Update model parameters using intermediate layer loss

I am trying to implement a specific functionality using a neural network. I have attached the block diagram of my system. Basically, I am trying to develop a recurrent cell-like functionality where the output of a certain layer (Output of FC2) is used as feedback input to a previous layer (CONV1).

The difference from an RNN cell is that the feedback should update the parameters of the CONV1 layer and the whole network’s parameters should be updated based on an intermediate layer loss.

A simplified version of the code is given below. The way I have implemented, FC2 layer parameters do not get updated during training.

class Net(nn.Module):
    def __init__(self, inputSize, num_classes):
        super(Net, self).__init__()

        # Filtering
        self.conv1 = custom_conv(cnn_N_filt[0], cnn_len_filt[0], fs)

        # Backend
        self.fc1 = nn.Linear(x, y) # Size based on previous layer output

        # Parameter calculation
        self.fc2 = nn.Linear(num_classes+inputSize, 1)

    def forward(self, x, hidden):
        x = F.relu(self.conv1(x, hidden))
        x = F.max_pool1d(x, 2, 2)
        x = x.view(-1, x.shape[1]*x.shape[2])
        x = F.relu(self.fc1(x))
        x = torch.cat((x, inputTemp), dim=1)
        hidden  = F.relu(self.fc2(x))
        hidden = hidden.view(-1)

        return F.log_softmax(x, dim=1), F.sigmoid(hidden)

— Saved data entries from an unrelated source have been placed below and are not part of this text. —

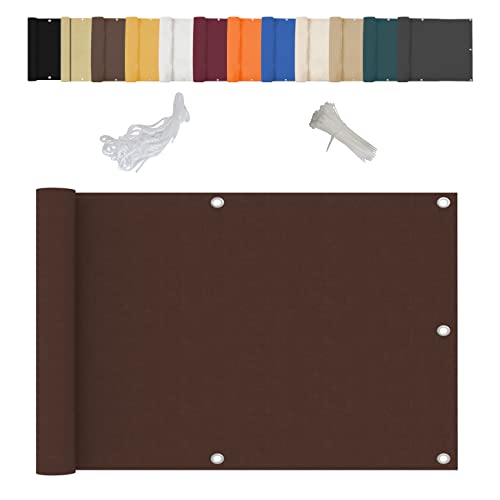 Balkongbeklädnad 100 x 1 000 cm, staketnät, väderbeständig, rektangel, skuggnät med rep, för balkong, trädgård, uteplats, veranda, trädgård – brun
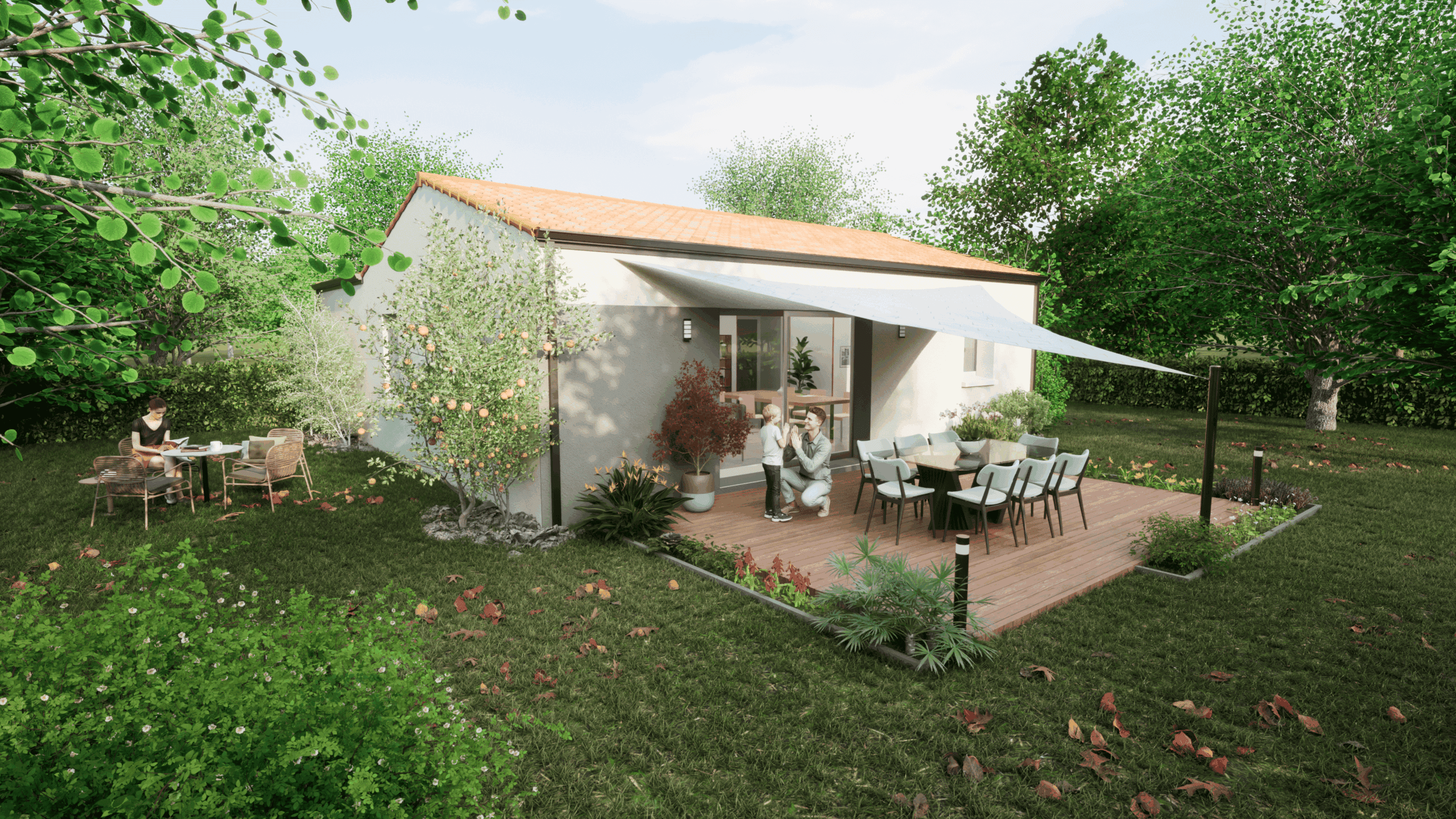 Coût de construction indicatif d’un projet de maison individuelle soumis au contrat protecteur du Code de la construction et de l’habitation (garanties financières et techniques du constructeur incluses). Voir détails en agence. Visuels non-contractuels. Prix à ajuster après visite terrain et selon vos choix définitifs. Hors droits de mutation, taxes locales, frais de raccordement. Terrain sélectionné auprès de partenaires fonciers pour la construction d’une maison neuve par ALLIANCE CONSTRUCTION (non mandatée pour réaliser la vente du terrain), sous réserve de disponibilité.
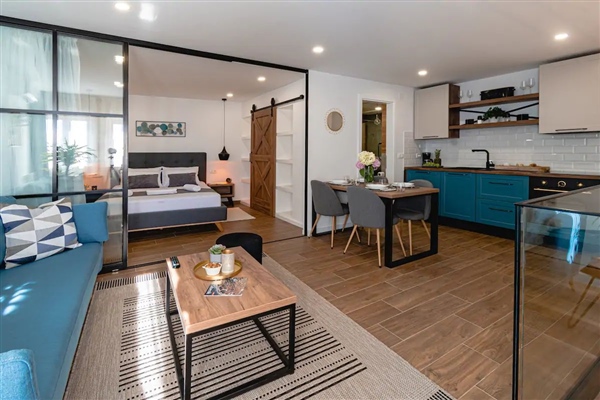 Apartman, površine 75 m2, ima odvojenu spavaću sobu, kupaonicu i dnevni boravak, dva smart TV-a, dva klima uređaja i dvije tuš kabine.

So, I believe the hidden output from FC2 should be given as a model parameter to CONV1 during each forward pass.
Any ideas on how to achieve this?

Hi, in case you still have this problem, I think this could work, it may not be the most optimal solution, because you almost make 2 forward passes and manually toggle the requires grad attribute, which I do not know the computational cost so beware of that.

import torch
import torch.nn as nn

# Example layers
fc1 = nn.Linear(1, 1)
fc2 = nn.Linear(1, 1)
fc3 = nn.Linear(1, 1)
fc4 = nn.Linear(1, 1)
wrapper = nn.Sequential(fc1, fc2, fc3, fc4) # To make zero_grad

# To make the forward of a module, without storing the grad
# for itself, but also without cutting the computation graph.
def pass_no_grad(input, module):
    prev_status = {}
    for name, param in module.named_parameters():
        prev_status[name] = param.requires_grad
        param.requires_grad = False
    out = module(input)
    for name, param in module.named_parameters():
        param.requires_grad = prev_status[name]
    return out

t = torch.randn(1, 1)

x1 = t.clone()

# First path
x1 = fc1(x1)
x2 = x1.detach().clone() # Cut the gradient of the other path
x1 = pass_no_grad(x1, fc2)
x1 = pass_no_grad(x1, fc3)
x1 = fc4(x1)
print('First path grads')
print('1', fc1.weight.grad)
print('2', fc2.weight.grad)
print('3', fc3.weight.grad)
print('4', fc4.weight.grad)


# Second path
x2 = fc2(x2)
x2 = fc3(x2)

print('Second path grads')
print('1', fc1.weight.grad)
print('2', fc2.weight.grad)
print('3', fc3.weight.grad)
print('4', fc4.weight.grad)

First path grads
1 tensor([[-0.1179]])
2 None
3 None
4 tensor([[-0.8320]])
Second path grads
1 tensor([[0.]])
2 tensor([[-0.8599]])
3 tensor([[0.0585]])
4 tensor([[0.]])


As you can see, on one path only the fc1 and fc4 layers have a gradient. In the other path only fc2 and fc3 have non-zero grad, but since the other modules still have requires_grad=True, their gradient is not None, but because it is zero it won’t modify the weight’s values on the optimizer step.
Please let me know if this is what you needed.